Current LE RSA offerings are from 2048 to 4096 bits (and literally almost all numbers in between). [That’s hundreds of RSA size choices]
ECDSA isn’t quite as granular, there are basically only 3 choices on the table (2 of which are “supported” by LE - although presently not “end-to-end”): P-256, P-384, P-521.

We can all see that RSA has a much higher verify rate than ECDSA [at comprable “Strength”].
Conversely ECDSA has a much higher signing rate than RSA [at comprable “Strength”].
So the real decision is which one works best for a specific customer… in a specific circumstance.
But only the customer can answer that.
Some may be OK with 3DES, or 1024 bit DH, or 2048 bit RSA, or not using PFS, etc.
We shouldn’t be making these (nor any) choices for them; nor setting restrictions where they are not needed.
To me this is really about providing more choices to a world that doesn’t easily fit into a one-size-fits-all system.

Security is a double edged blade: You can’t easily move in any direction without cutting something…
When you move towards more security you cut speed; When you move towards more speed you cut security.
[It is a very rare case that you can move towards one and also increase the other (we call that a “no-brainer” or “win-win” - but they are few and far between).]

I am no longer comfortable with anything “256 bit”; Simply because things like BitCOIN mining use ultra optimized systems to crank out trillions of operations per second on 256 bit hashes. In that light, I would not want to use a cipher that a single optimized system can generate millions/trillions of such signatures per second. Brute force attacks would soon rule the day. So, yes, I find some comfort in knowing that when it can’t be done soo easily, the bad guys also can’t do it so easily.

What it comes down to is the customer weighing the options and understanding what the impact of those differences can be before making an educated decision and/or being able to easily change their decision as things change within their particular circumstances.

In summary: When more is better, I say “Give 'em more!”
[If it wasn’t obvious, I always sit on the “security side” of the table.]


#27

To add some completely unscientific “numbers” to this “speed trap”, here are results from 11 systems running 6 different versions of OpenSSL.
[The xls (renamed to xls.txt) has two pages one sorted by signing the other by verify]
openssl.results.xls.txt (42.5 KB)
[The raw data is in CSV format in the csv.txt file]
openssl.results.csv.txt (3.7 KB)


#28

Even if you do one decryption attempt each Planck time, to brute-force a 256-bit key you need ≈1.979×10^26 years, which is around 1.4×10^16 current ages of the universe (current age of the universe is around 14 billion years).


#29

Please don’t forget that you don’t need to do 2^256 operations to extract the private key from a public 256bit EC key, but only O(2^128) operations using Pollard’s rho. If you can do one attempt per Planck time, you need ~6×10^-13 years for 2^128 operations. That’s ~2×10^-5 seconds, i.e. a lot less. On the other hand, with what we currently have, we’re far, far away from one operation per Planck time, so it’s still very safe :slight_smile:

A more troubeling thing are Quantum computers, though; with Shor’s algorithm, you’d need a smaller quantum computer to crack 256bit ECC keys than you’d need for 2048bit RSA keys.


#30

If a computer that can run Shor’s algorithm is developed, it can solve arbitrarily long keys in polynominal time. There’s no reason to believe RSA is stronger against attacks by quantum computers. It’s all plain DLP/factoring.

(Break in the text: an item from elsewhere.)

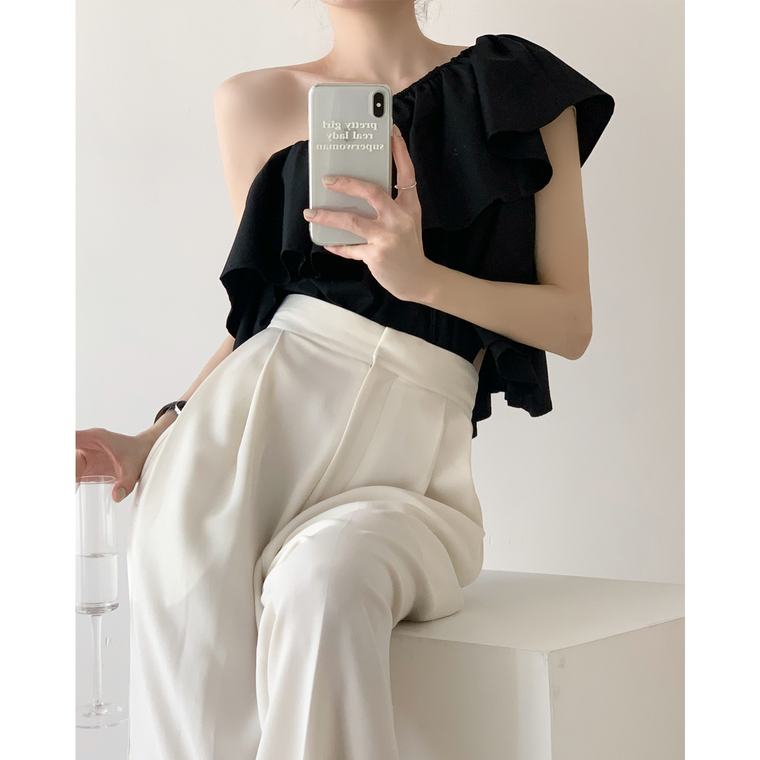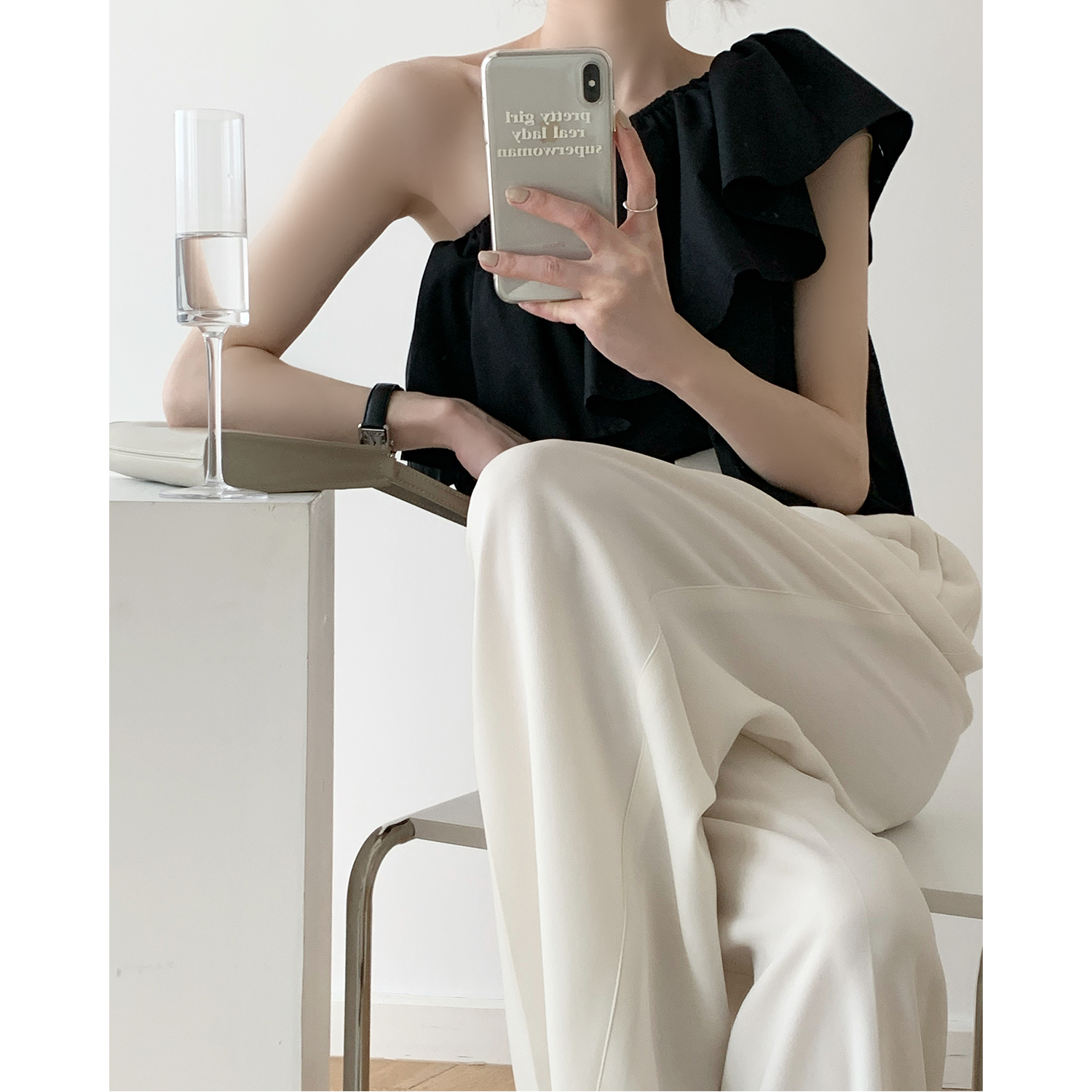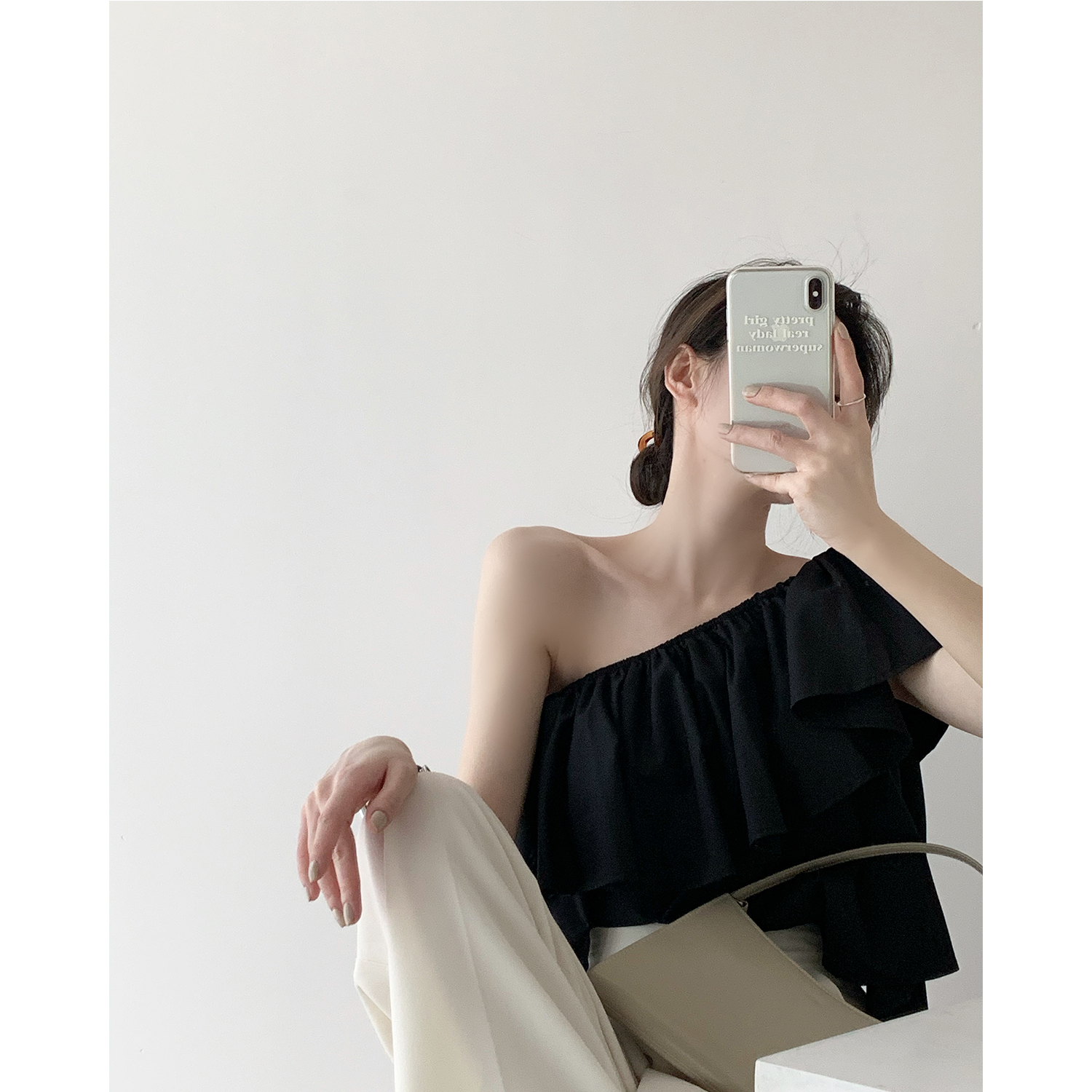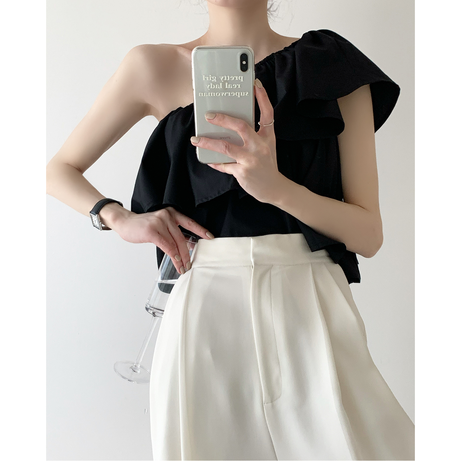 Careful machine inclined shoulder shirt female sensary shoulder leakage lock bone design sensation small single shoulder sleeveless blouse woman 2022 summer

I am no longer comfortable with anything “256 bit”; Simply because things like BitCOIN mining use ultra optimized systems to crank out trillions of operations per second on 256 bit hashes. In that light, I would not want to use a cipher that a single optimized system can generate millions/trillions of such signatures per second. Brute force attacks would soon rule the day. So, yes, I find some comfort in knowing that when it can’t be done soo easily, the bad guys also can’t do it so easily.

That seems to refer to a custom non-quantum specialized hardware attack (e.g. TWIRL).